*** Block opens ***

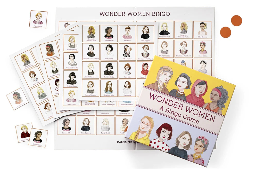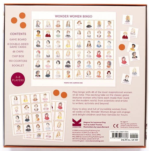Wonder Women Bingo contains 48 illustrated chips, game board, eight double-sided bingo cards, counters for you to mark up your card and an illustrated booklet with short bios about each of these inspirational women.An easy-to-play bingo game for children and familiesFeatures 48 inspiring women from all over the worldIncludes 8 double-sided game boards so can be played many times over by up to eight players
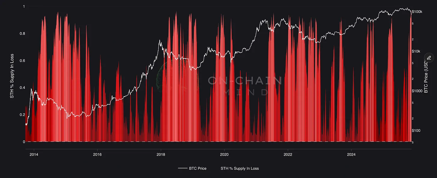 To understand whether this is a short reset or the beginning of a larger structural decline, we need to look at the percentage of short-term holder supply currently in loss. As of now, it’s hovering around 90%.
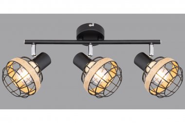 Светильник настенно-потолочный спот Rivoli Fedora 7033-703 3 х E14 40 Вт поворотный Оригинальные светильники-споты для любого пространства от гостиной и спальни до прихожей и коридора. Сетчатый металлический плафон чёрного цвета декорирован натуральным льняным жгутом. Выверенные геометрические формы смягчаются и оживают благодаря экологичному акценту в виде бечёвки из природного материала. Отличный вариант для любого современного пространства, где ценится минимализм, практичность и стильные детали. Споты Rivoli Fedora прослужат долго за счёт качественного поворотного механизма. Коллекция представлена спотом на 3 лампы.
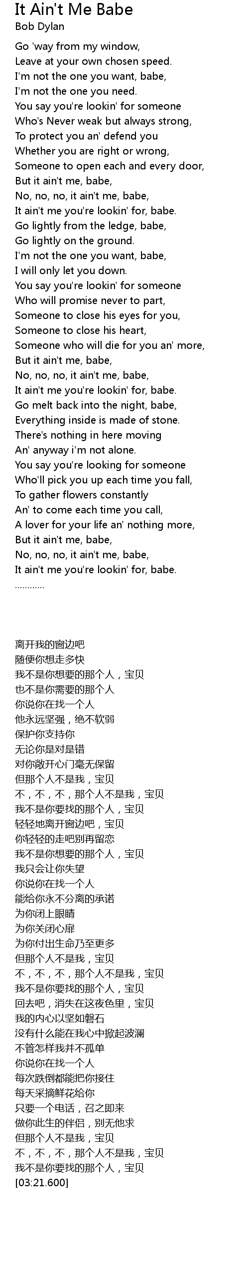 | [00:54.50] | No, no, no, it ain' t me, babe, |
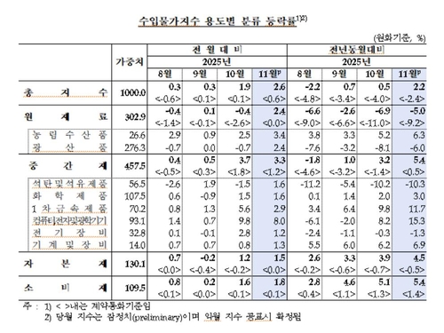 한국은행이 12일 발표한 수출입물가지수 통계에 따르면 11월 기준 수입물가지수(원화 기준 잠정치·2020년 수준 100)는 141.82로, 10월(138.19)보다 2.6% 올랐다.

*** Block closes ***
*** Block opens ***

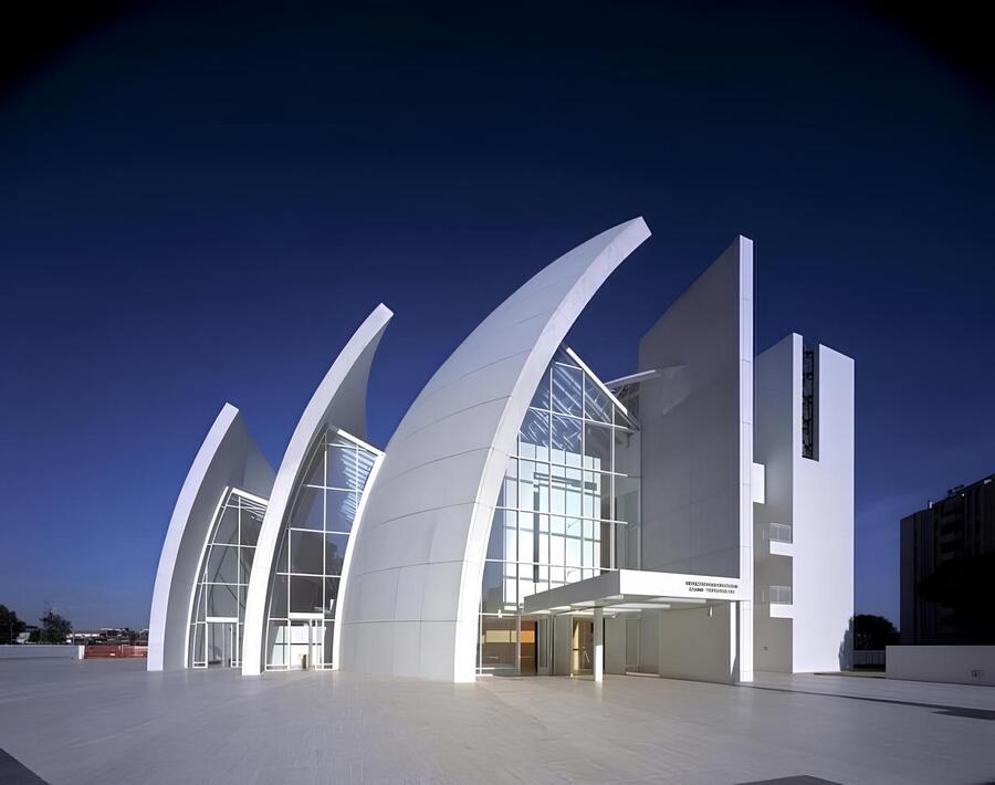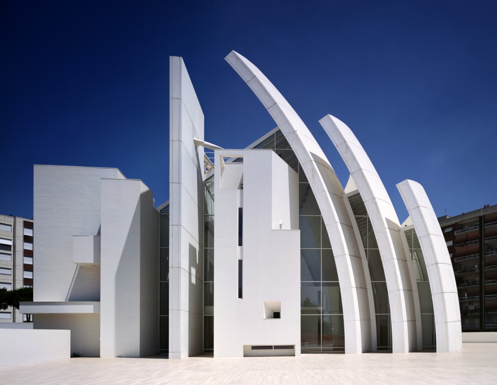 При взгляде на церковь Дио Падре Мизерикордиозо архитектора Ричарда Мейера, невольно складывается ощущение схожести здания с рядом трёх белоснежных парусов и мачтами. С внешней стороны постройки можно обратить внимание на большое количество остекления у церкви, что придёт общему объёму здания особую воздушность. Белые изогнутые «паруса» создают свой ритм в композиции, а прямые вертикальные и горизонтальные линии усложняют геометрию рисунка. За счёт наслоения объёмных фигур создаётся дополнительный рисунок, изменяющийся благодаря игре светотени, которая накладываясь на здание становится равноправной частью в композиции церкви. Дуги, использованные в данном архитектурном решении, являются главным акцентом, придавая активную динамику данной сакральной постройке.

*** Block closes ***
*** Block opens ***

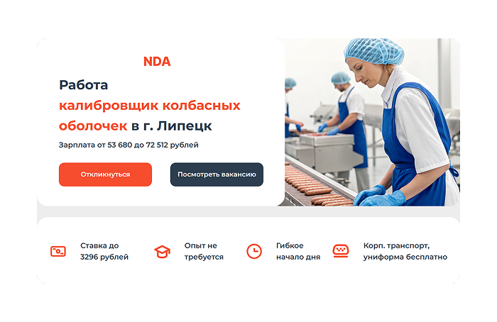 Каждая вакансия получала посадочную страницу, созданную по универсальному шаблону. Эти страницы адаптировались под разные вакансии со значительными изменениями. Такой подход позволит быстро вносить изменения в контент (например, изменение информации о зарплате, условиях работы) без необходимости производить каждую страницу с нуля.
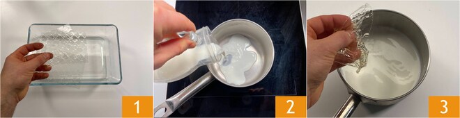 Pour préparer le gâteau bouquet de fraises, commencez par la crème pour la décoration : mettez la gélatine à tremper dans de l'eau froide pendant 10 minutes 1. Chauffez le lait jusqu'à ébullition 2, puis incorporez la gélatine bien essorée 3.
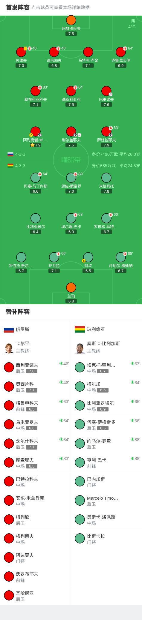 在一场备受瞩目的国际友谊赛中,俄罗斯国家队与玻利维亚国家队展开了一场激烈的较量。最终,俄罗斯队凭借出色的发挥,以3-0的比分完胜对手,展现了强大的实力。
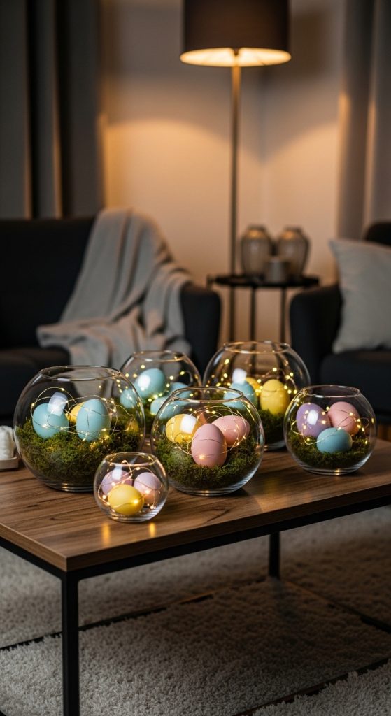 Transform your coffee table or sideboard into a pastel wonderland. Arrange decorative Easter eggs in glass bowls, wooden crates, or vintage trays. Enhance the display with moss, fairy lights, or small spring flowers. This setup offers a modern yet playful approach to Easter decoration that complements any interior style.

*** Block closes ***

Using the entries above, transcribe exactly from the line that has "me, babe, |" through the line that has "한국은행이 12일 발표한". Pictures are dropped.

 | [00:54.50] | No, no, no, it ain' t me, babe, |
 한국은행이 12일 발표한 수출입물가지수 통계에 따르면 11월 기준 수입물가지수(원화 기준 잠정치·2020년 수준 100)는 141.82로, 10월(138.19)보다 2.6% 올랐다.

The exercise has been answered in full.